Introduction: Fire Polished Spoon
I carved this spoon out of tamarack wood, charred it with a propane torch and finished it with a kitchen sponge. I like the smooth surface of burnt wood as well as the way it highlights wood grain. However, charring also changes the chemical and physical properties of wood. Charred wood is harder (and more brittle) and I have read that it is less porous and is more resistant to insects and fire. This entire project took me less than two hours, the longer the project takes the more likely it will be that the finished product cracks.
Step 1: Collecting Wood
I recommend using a straight grained piece of green conifer wood for this project. I used part of a tamarack sapling for this project. The wood should be cut off the tree right before carving (or frozen until you are ready to start). I cut down a sapling late this fall and the wood has been buried frozen in the snow for several months. A suitable piece of wood should be over two inches in diameter. It is important that the spoon does not cross the pith or contain knots (the pith is the thin dark stripe of bark-like wood at the very core of the concentric growth rings in a piece of wood). Charring puts a lot of stress on a piece of wood and the more varied the grain is the more prone it will be to splitting.
Step 2: Shaping the Spoon
My piece of wood was about 3 inches in diameter and I used a hatchet to split off a quarter round. I carved off any splintered areas as well as the bark with a Sloyd whittling knife. I intended this spoon to be for my niece so I wanted it to be small, smooth, have a handle one could chew and survive being thrown on the floor. I used one of my step-son's old baby spoons, and my pinkie as models. Any spoon could be used as a model as long as the wood is at least 1/8" think in all areas. I matched the shape of the bowl to that of his spoon and a tapered it back to a handle roughly the shape of my smallest finger. I carved out most of the exterior shape before hollowing the bowl. I used a fishtail gouge to carve the bowl and then refined the shape of the handle. I worked very quickly so the wood was still cool and damp when I started using the torch.

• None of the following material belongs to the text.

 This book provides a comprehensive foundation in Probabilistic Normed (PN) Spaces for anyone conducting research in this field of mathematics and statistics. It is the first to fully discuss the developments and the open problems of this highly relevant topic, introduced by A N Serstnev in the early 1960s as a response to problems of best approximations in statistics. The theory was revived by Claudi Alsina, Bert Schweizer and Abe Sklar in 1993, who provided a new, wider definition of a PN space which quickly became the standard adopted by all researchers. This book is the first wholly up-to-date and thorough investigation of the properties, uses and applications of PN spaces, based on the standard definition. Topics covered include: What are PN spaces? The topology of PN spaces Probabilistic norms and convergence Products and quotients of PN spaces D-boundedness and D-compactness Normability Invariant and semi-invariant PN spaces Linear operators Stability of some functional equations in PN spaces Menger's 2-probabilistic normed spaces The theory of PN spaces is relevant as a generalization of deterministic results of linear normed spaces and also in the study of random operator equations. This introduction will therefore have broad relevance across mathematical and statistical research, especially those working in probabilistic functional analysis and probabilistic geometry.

Step 3: Charring the Spoon
As soon as I had established the shape I wanted I took my work outside to burn it. I set the propane torch, pliers, liter and spoon in an old cast iron pan in the snow. I made sure that there was nothing near my work area that was in danger of lighting on fire, then I started the torch. I held the spoon in one hand and the torch in the other. When I was worried that the surface would be too hot, or the flame would be too close to my fingers I used the pliers to hold the spoon.

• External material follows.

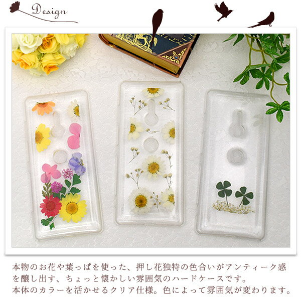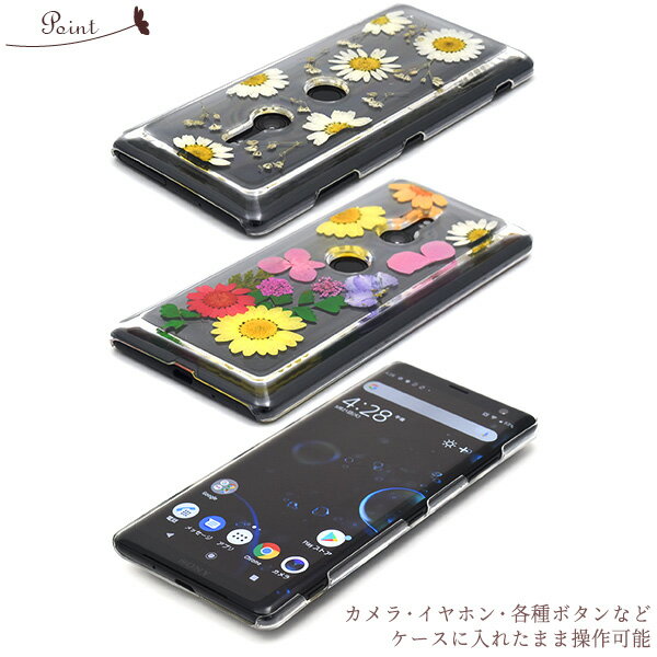Xperia XZ3 SO-01L/SOV39/801SO用カバー 押し花ハードケース Xperia XZ3 SO-01L/SOV39/801SO用の本物のお花を使用した押し花ハードケース。

Charring the wood to the right point is not easy and I have ruined many projects. The wood needs to be heated just enough that it glows ever so slightly in the torch flame. The wood may blacken with soot without actually charring or it may catch on fire and burn uncontrollably. I suggest starting with the end-grain and then working toward the middle. Sap can boil out of the endgrain and make it difficult to burn evenly. If too much sap comes out of one area scrub the spoon and tackle it on a second round rather than trying to burn it all at once.
Step 4: Polishing
I scrubbed the spoon with a damp kitchen sponge and then gently rinsed off the soot. Then I dried the spoon for 20 seconds in the microwave. There were two small spots on the spoon that were not dark enough so I took the spoon back outside and carefully recharged these areas. Then I scrubbed and microwaved again. I further polished the spoon's surface by rubbing it on a large piece of leather. When I was happy with the surface I put the spoon back into the microwave for 10 seconds and rubbed it in ground flax seed. The flax hulls helped furter smooth the surface and oils from the flax added to the wood's sheen.
P.S. Similar techniques can be used to make all kinds of other projects including the cheese knife pictured above.